* **PROVIDED DATA**
++++++++++++++++++++
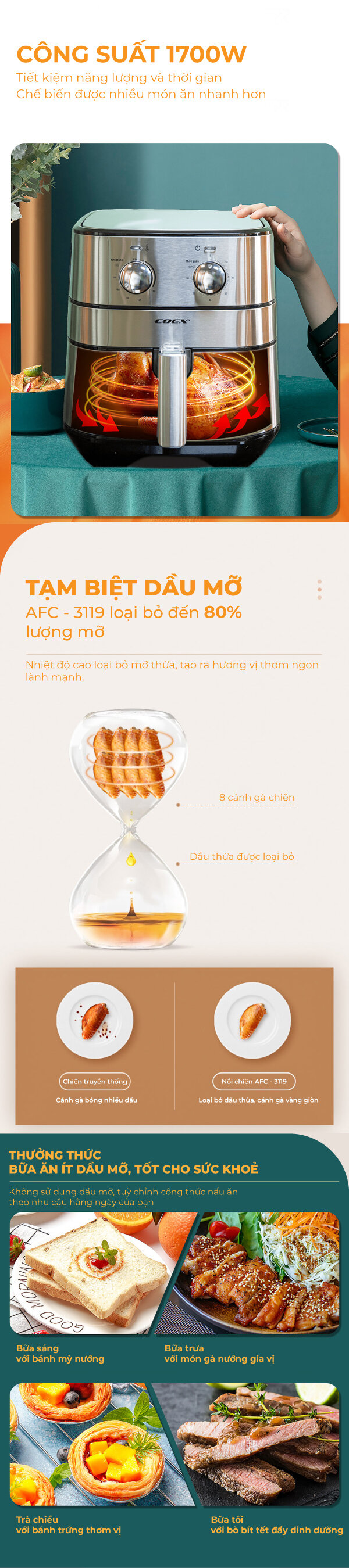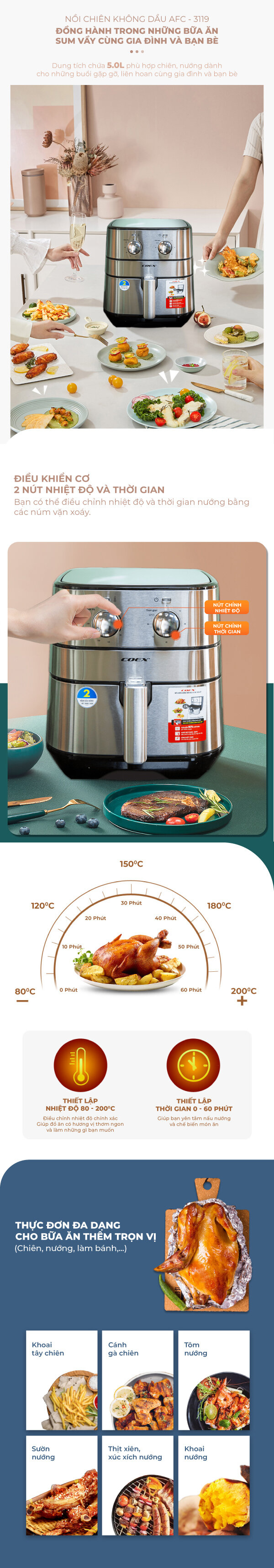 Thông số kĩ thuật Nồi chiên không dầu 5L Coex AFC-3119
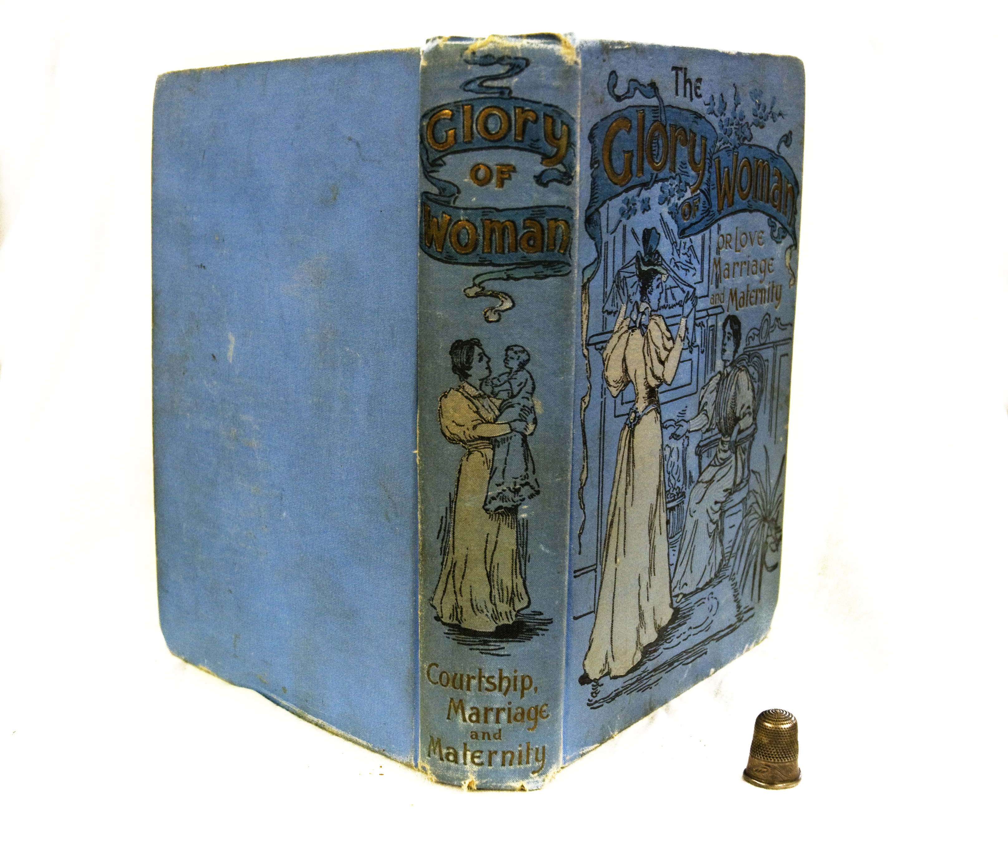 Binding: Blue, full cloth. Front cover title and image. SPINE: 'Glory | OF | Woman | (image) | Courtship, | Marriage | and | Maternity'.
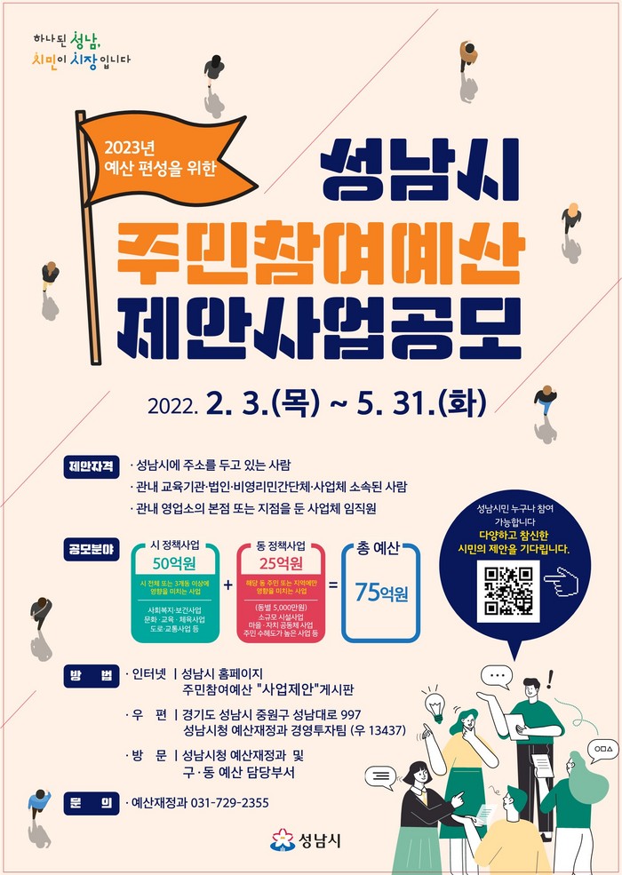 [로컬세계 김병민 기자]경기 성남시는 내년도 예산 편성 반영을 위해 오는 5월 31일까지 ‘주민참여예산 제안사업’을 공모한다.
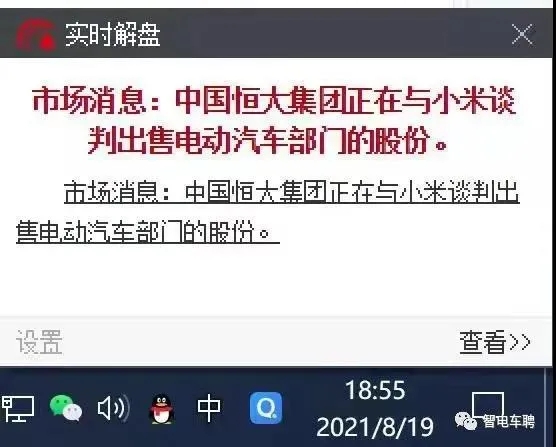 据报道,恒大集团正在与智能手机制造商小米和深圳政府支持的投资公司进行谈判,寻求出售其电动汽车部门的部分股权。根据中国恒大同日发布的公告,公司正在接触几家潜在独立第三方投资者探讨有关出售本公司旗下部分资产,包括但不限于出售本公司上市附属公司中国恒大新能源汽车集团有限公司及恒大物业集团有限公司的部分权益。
++++++++++++++++++++
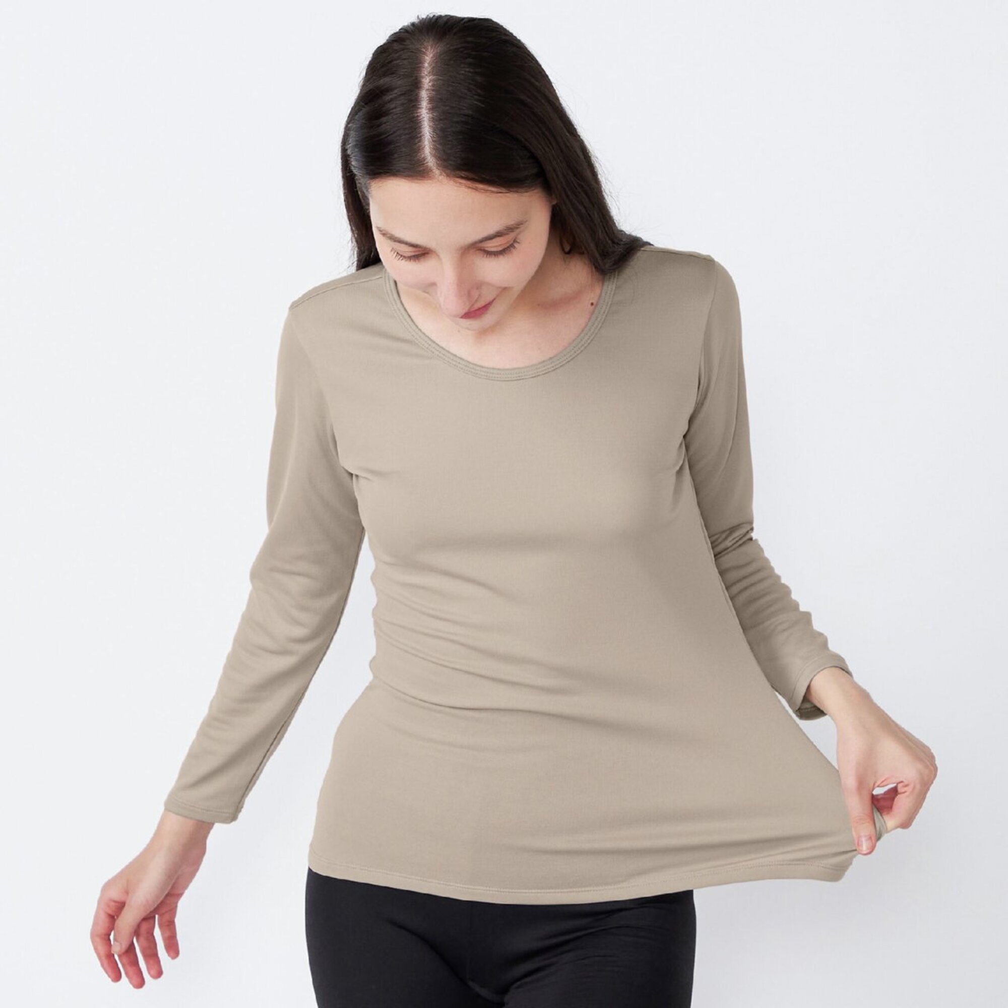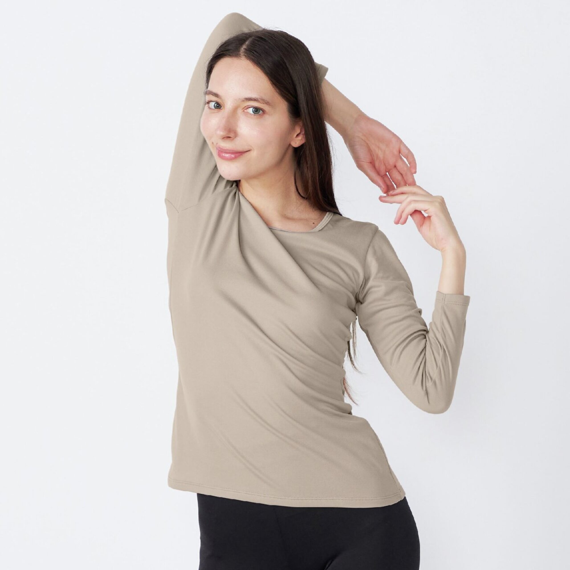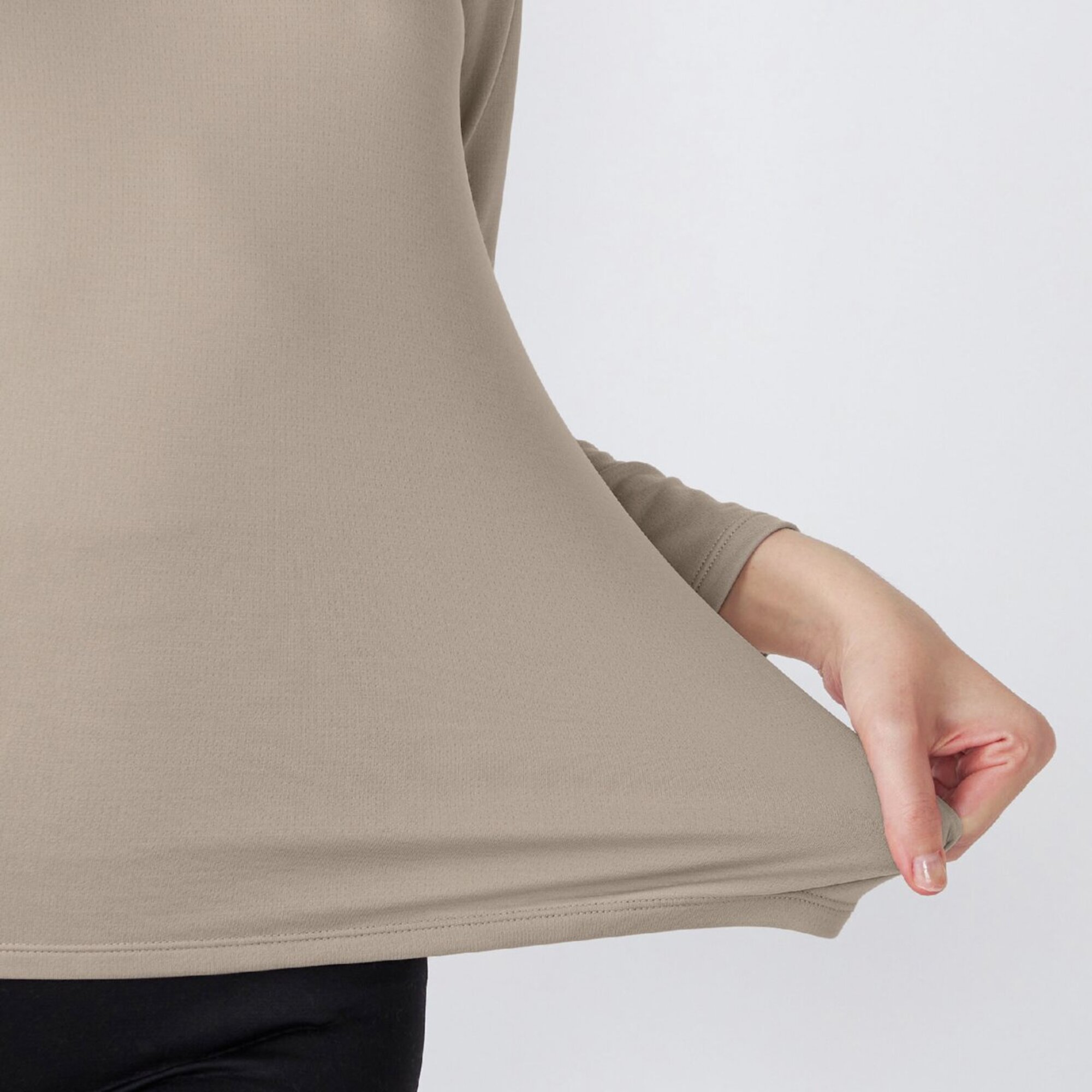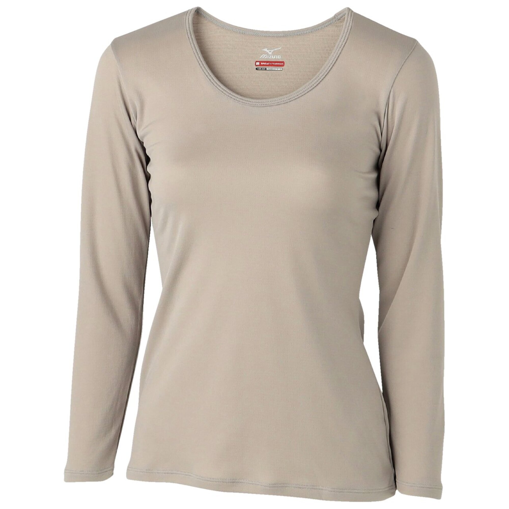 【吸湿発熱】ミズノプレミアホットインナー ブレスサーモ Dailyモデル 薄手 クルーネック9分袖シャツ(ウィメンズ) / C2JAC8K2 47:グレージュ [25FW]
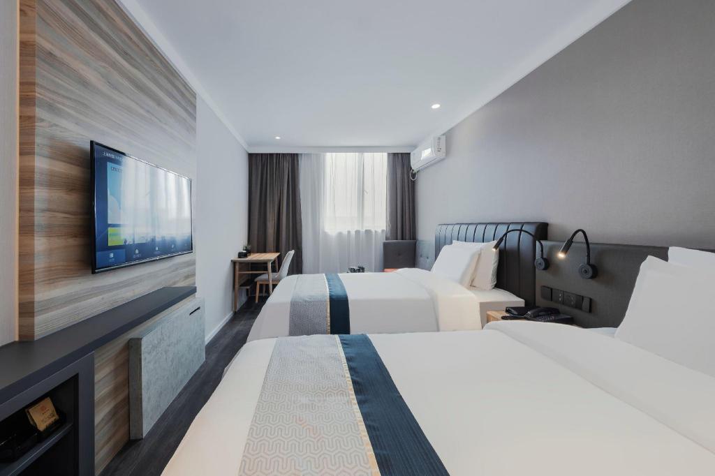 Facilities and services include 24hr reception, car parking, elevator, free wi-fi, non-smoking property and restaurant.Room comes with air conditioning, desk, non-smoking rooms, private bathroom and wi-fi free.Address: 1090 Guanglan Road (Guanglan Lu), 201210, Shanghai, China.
++++++++++++++++++++
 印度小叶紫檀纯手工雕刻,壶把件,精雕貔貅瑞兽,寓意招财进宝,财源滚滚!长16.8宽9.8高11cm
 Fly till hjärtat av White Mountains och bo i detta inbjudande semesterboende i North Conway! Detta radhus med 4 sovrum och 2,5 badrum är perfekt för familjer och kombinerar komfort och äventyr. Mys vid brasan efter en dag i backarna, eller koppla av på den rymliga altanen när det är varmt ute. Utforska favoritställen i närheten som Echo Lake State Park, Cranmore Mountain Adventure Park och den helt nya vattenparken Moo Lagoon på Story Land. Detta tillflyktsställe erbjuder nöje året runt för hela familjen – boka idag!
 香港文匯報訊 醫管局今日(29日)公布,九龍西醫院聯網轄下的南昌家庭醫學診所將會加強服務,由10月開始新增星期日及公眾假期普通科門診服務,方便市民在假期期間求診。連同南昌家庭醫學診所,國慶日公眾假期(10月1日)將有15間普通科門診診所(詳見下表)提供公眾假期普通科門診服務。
++++++++++++++++++++
* **TASK**
Beginning with the line holding "印度小叶紫檀纯手工雕刻,壶把" and ending with the line holding "香港文匯報訊 醫管局今日(2", write out the stretch of material above exactly; add no further lines.

* **RESPONSE BELOW**
 印度小叶紫檀纯手工雕刻,壶把件,精雕貔貅瑞兽,寓意招财进宝,财源滚滚!长16.8宽9.8高11cm
 Fly till hjärtat av White Mountains och bo i detta inbjudande semesterboende i North Conway! Detta radhus med 4 sovrum och 2,5 badrum är perfekt för familjer och kombinerar komfort och äventyr. Mys vid brasan efter en dag i backarna, eller koppla av på den rymliga altanen när det är varmt ute. Utforska favoritställen i närheten som Echo Lake State Park, Cranmore Mountain Adventure Park och den helt nya vattenparken Moo Lagoon på Story Land. Detta tillflyktsställe erbjuder nöje året runt för hela familjen – boka idag!
 香港文匯報訊 醫管局今日(29日)公布,九龍西醫院聯網轄下的南昌家庭醫學診所將會加強服務,由10月開始新增星期日及公眾假期普通科門診服務,方便市民在假期期間求診。連同南昌家庭醫學診所,國慶日公眾假期(10月1日)將有15間普通科門診診所(詳見下表)提供公眾假期普通科門診服務。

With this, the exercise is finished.